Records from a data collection
=== Begin Enclosure ===

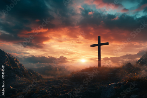 Dramatic Christian Cross at Sunset with Dark Clouds and Sunbeams Depicting Resurrection and Easter Spirituality
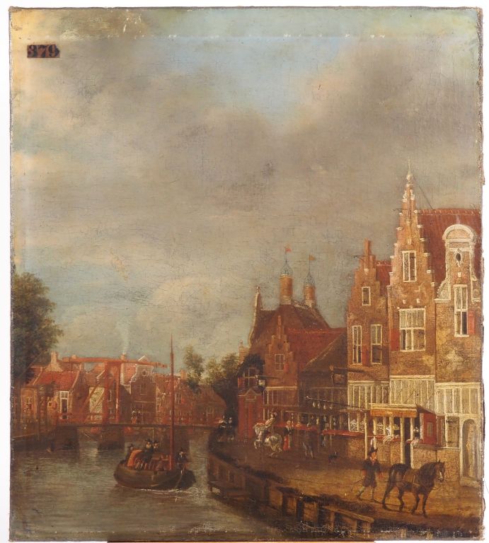 Ecole hollandaise du XVIIème "Vue d'Amsterdam" Huile sur toile Dim. 63,5 x 56 cm (restaurations anciennes) Expert : Cabinet Turquin - Stéphane Pinta
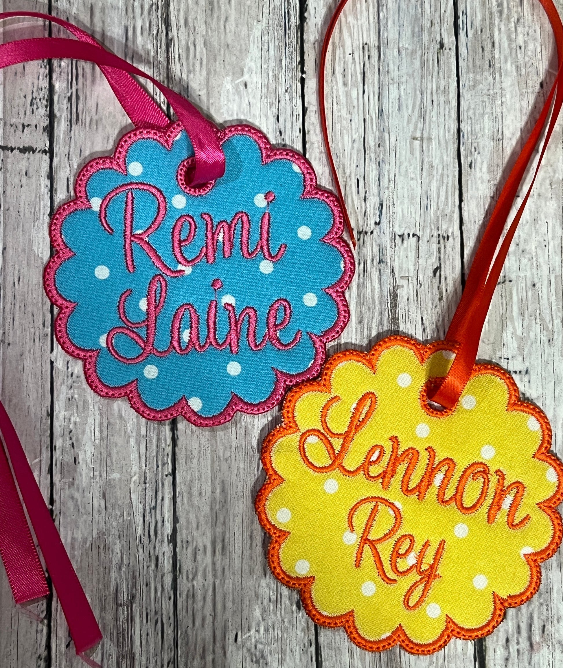 These are custom bag tags grest for school bags, gym bags, sports, diaper bags etc. Each one is made to order after purchase, please include in the notes EXACTLY what you’re wanting (color of material, thread color, etc we will reach out prior to stitching to send a proof and font options. Please state way of contact so that we can reach you. We are always available through phone or email or our social media
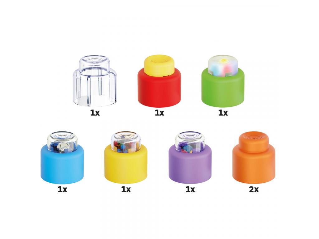 A kockák között találsz világító elemet (Light-up momy), csörgőt (maracas sound), csilingelő hangot adót (tinkle sound), madárhangot utánzó darabot (cip cip), illatos verziót (momy essence), valamint átlátszó, színes gyöngyökkel teli elemeket is. Ezek a különböző hatások nemcsak szórakoztatják a babát, hanem segítik az érzékszervek fejlődését, javítják a kéz-szem koordinációt, és ösztönzik a felfedezést.
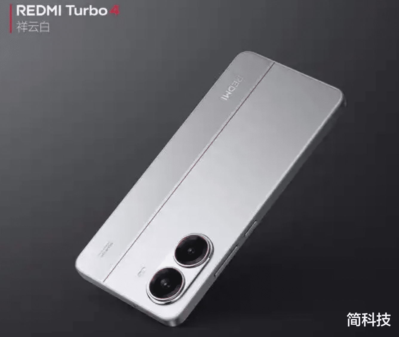目前小米官方公布了 REDMI Turbo 4 的外观照,根据图片来看,新机后盖采用拼色设计,背面左上角为竖排双摄模组,手机背面有一条红色腰线贯穿磨砂柔雾玻璃后盖。该机共有 4 款配色,海报中的为「祥云白」。

=== End Enclosure ===

- _Exercise requirements_
Set down every line above exactly, pictures excluded.

- _Written answer_
 Dramatic Christian Cross at Sunset with Dark Clouds and Sunbeams Depicting Resurrection and Easter Spirituality
 Ecole hollandaise du XVIIème "Vue d'Amsterdam" Huile sur toile Dim. 63,5 x 56 cm (restaurations anciennes) Expert : Cabinet Turquin - Stéphane Pinta
 These are custom bag tags grest for school bags, gym bags, sports, diaper bags etc. Each one is made to order after purchase, please include in the notes EXACTLY what you’re wanting (color of material, thread color, etc we will reach out prior to stitching to send a proof and font options. Please state way of contact so that we can reach you. We are always available through phone or email or our social media
 A kockák között találsz világító elemet (Light-up momy), csörgőt (maracas sound), csilingelő hangot adót (tinkle sound), madárhangot utánzó darabot (cip cip), illatos verziót (momy essence), valamint átlátszó, színes gyöngyökkel teli elemeket is. Ezek a különböző hatások nemcsak szórakoztatják a babát, hanem segítik az érzékszervek fejlődését, javítják a kéz-szem koordinációt, és ösztönzik a felfedezést.
目前小米官方公布了 REDMI Turbo 4 的外观照,根据图片来看,新机后盖采用拼色设计,背面左上角为竖排双摄模组,手机背面有一条红色腰线贯穿磨砂柔雾玻璃后盖。该机共有 4 款配色,海报中的为「祥云白」。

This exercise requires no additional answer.